Simple as it may sound, it's sometimes hard for product people to take the steps they know are needed to improve

  • Making decisions that appear to delay features can be difficult to justify with stakeholders who have more focus on short term financial performance when easier paths to value are available
  • A false sense of urgency is the biggest risk I’ve seen play out more than once. This occurs when a team is pushed to implement a capability using the shortest route possible - usually leveraging technology that wasn’t designed for the purpose.
  • Not knowing where you’re heading is another genuine risk. If the product and development teams don’t have an understanding of the longer term company vision and objectives then it is hard to know whether their decisions are moving them in the right direction or not.

These triggers can lead to short-termism on an individual decision basis, however it's collectively where the impact is most apparent.

Multiple small decisions have a major impact

Knowing why this simple rule is so fundamental requires an understanding of the power of iteration. Although each small decision may appear to have isolated impact, the combination of months or years of 'tactical' decisions can be crippling

  • A previous employer had a desire to move into the web, however due to a strong push from sales they took the quick route of prototyping and building their new scheduling interface in the existing rich desktop instead. This missed a huge opportunity to establish a more modern web platform which would have set the precedent for the migration to web that they needed for long term growth, instead the decision committed them to significant further investment into a desktop application which they wanted to move away from.
  • In another business I once encountered the legacy business rules engine had been incrementally added to to the point that it was not designed for the range of purposes it now met. Rather than using the creation of new products as an opprtunity to build out a well architected replacement, they kept creating new features leveraging on the old one. The resulting maintenance needs then slowed them down and added more pressure which made it even harder to move away as time went on.
  • A database company I worked for created a script based prototype to manage multi-server synchronisation. Rather than use this as a starting point to refractor and create a robust product, the quicker path was taken to progress into full production with a resulting mass of maintenance and testing challenges that slowed innovation elsewhere and committed more development and testing effort to maintaining a script based solution.

Each of these decisions probably seemed sensible in the context of the individual event. It is the combination of repeat decisions of this nature that can leave a company two or three years down the line with a mass of unmaintainable code and a sinking feeling when looking at how they have progressed against their longer term plans.
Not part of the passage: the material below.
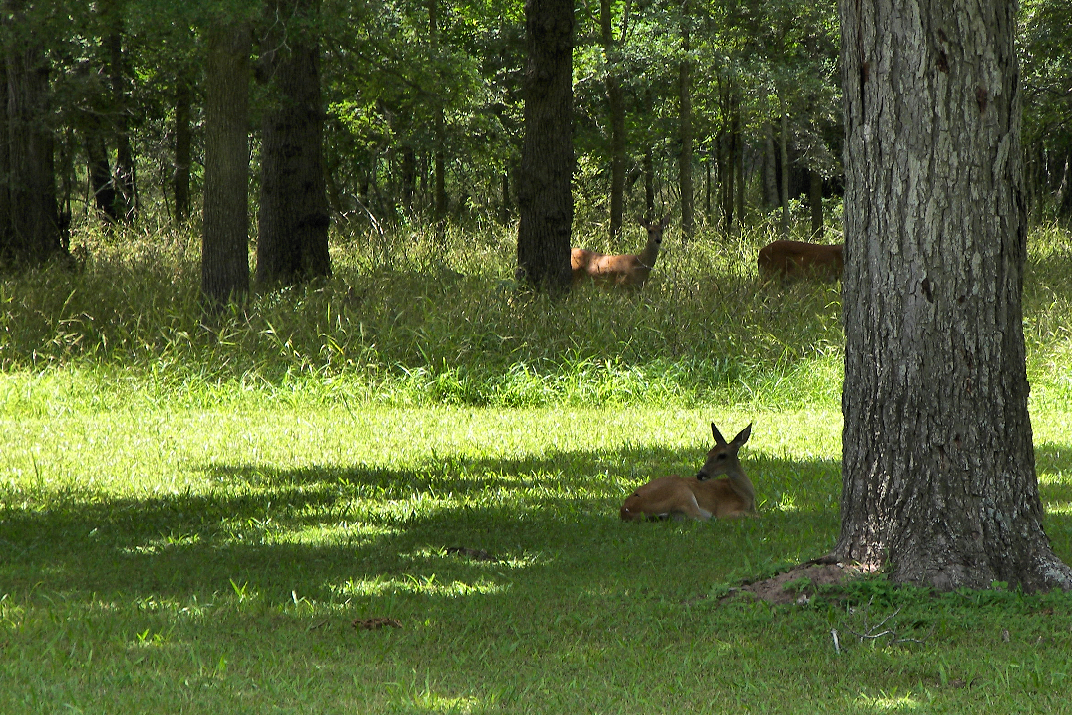 White-tailed deer (Odocoileus virginianus) are plentiful in Stephen F. Austin State Park in Austin County, Texas, United States.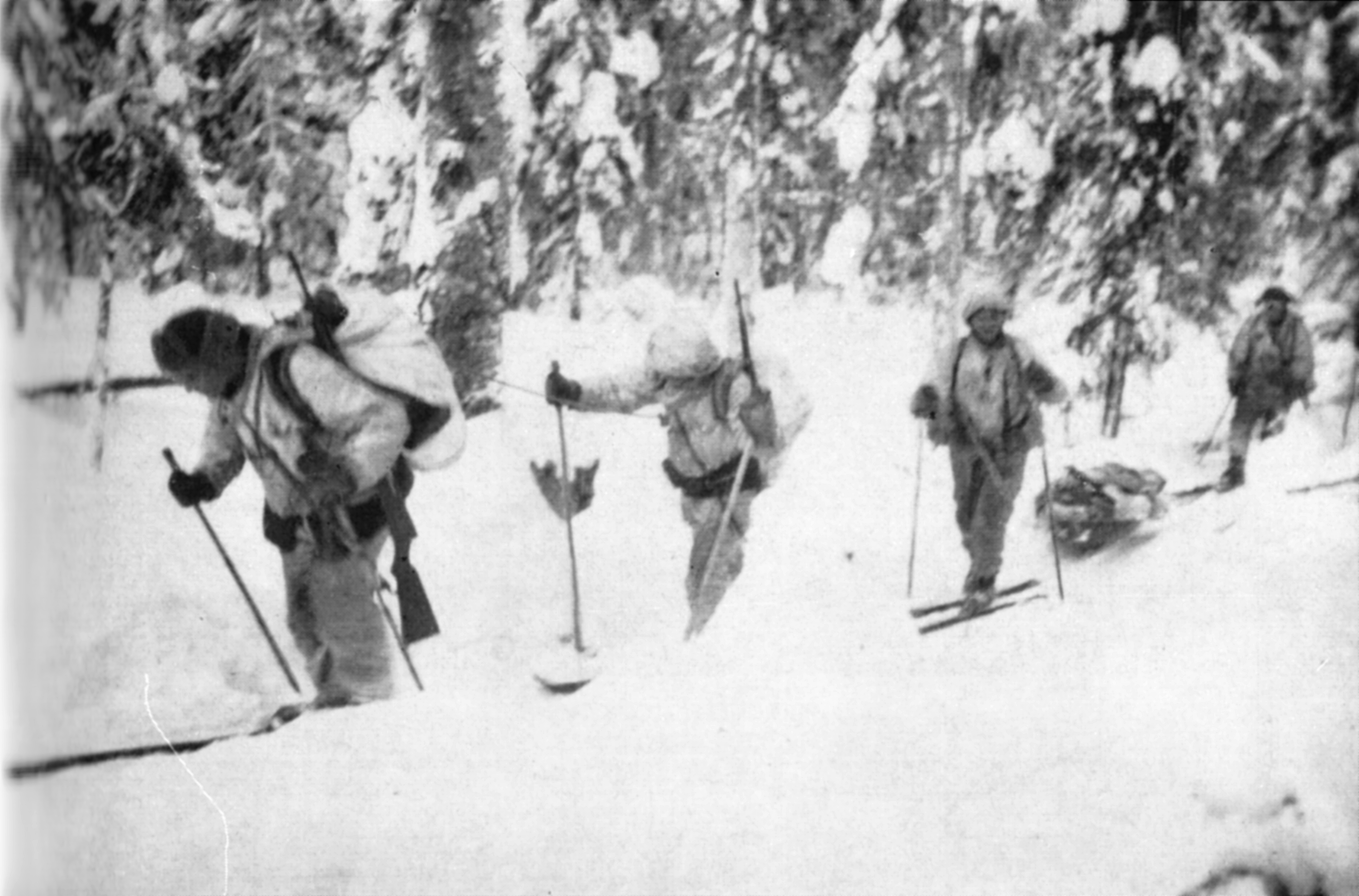 A skiing Finnish long-range reconnaissance patrol during the Continuation War.

The first step in the right direction is the hardest

The good news is that the same principle works in the opposite direction too. Each step in the right direction builds on the last and accelerates progress towards a long term goal.
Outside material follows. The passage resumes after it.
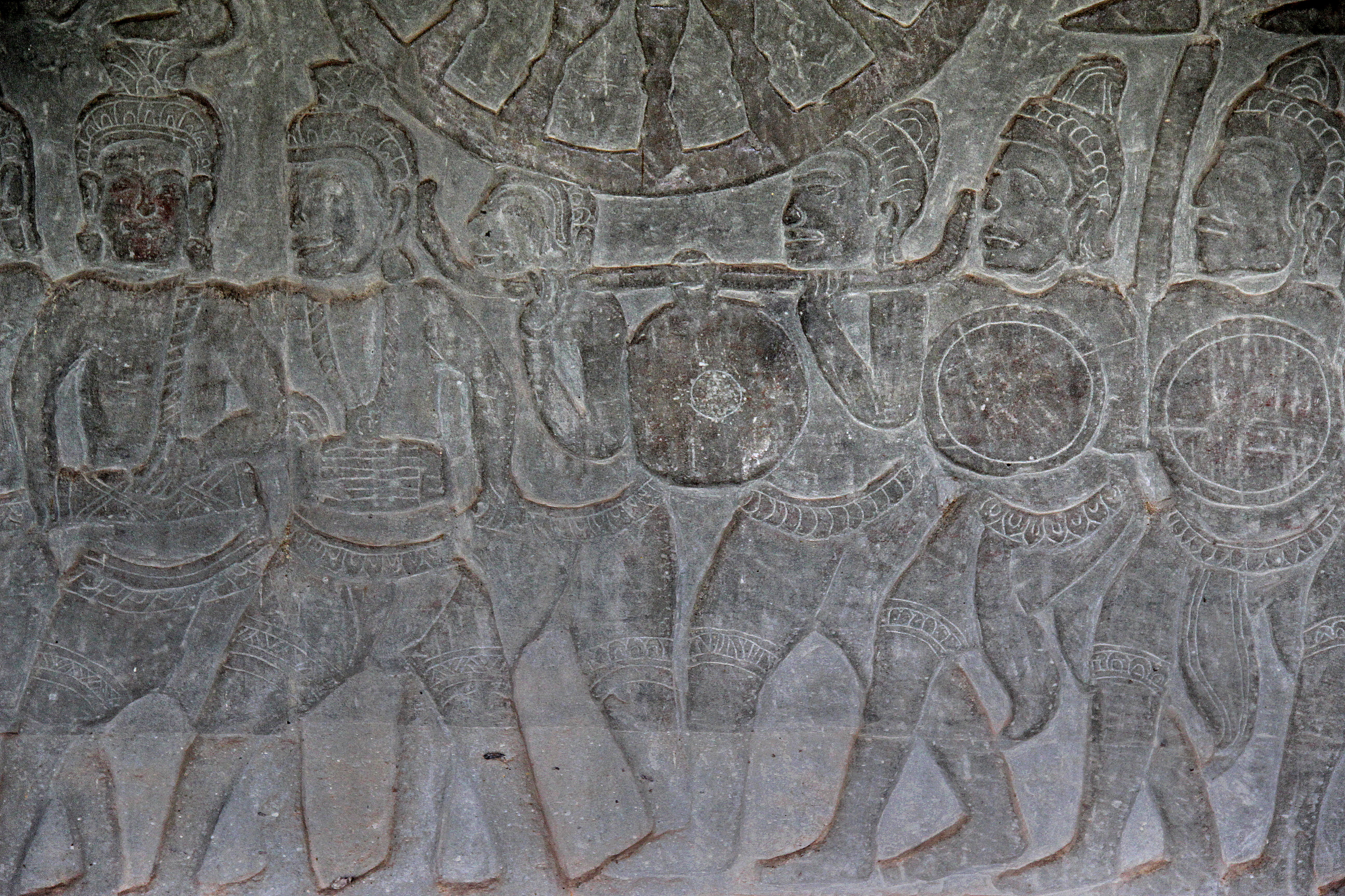 Musicians with carrying a nipple gong on their soldiers. Two drums on the left side of the image.

A former team of mine were delivering a capability to track customer segments from a marketing database. The shortest route would have been to use existing segment definitions from the legacy document store for their selection criteria, however they knew that long term we wanted a full segmentation tool in the web. Creating a very simple definition API capability to serve the web allowed the team to deliver a basic feature, and at the same time break one of the biggest technical barriers in our larger web migration.

The key here is that in itself this was a limited piece, but paved the way for further steps. There was an overhead in some extra effort over the easier option, but the reward for this was that the next feature that needed segment capability in the web had a great start to build on. It would have been hard to justify anything other than progressing the capability when addressing future needs. If instead we’d taken the easy route we’d still have been at the 'foot of the mountain' with the temptation to again take the easy path the next time a need arose.

Not every step is forwards, just don't go backwards

I’m a pragmatist and I know that not every decision provides the opportunity to progress longer term strategy. Even indirect steps can help as long as they don’t take you backwards. Work such as having to fix up legacy code, add a feature to stay competitive or address burning customer needs will always need prioritisation.

The problem is when the temptation then comes up to build a brand new feature on that legacy code, or push that prototype into production, as it’s quicker than biting off the architectural or product changes you know are needed. Taking the easy option here isn't just missing a change to move forward, it's adding to your problems and making it harder to progress in future. If you're facing such a decision I recommend that you ask yourself whether you're missing an opportunity to move in the right direction - and be honest about the answer. Your future self will thank you for it.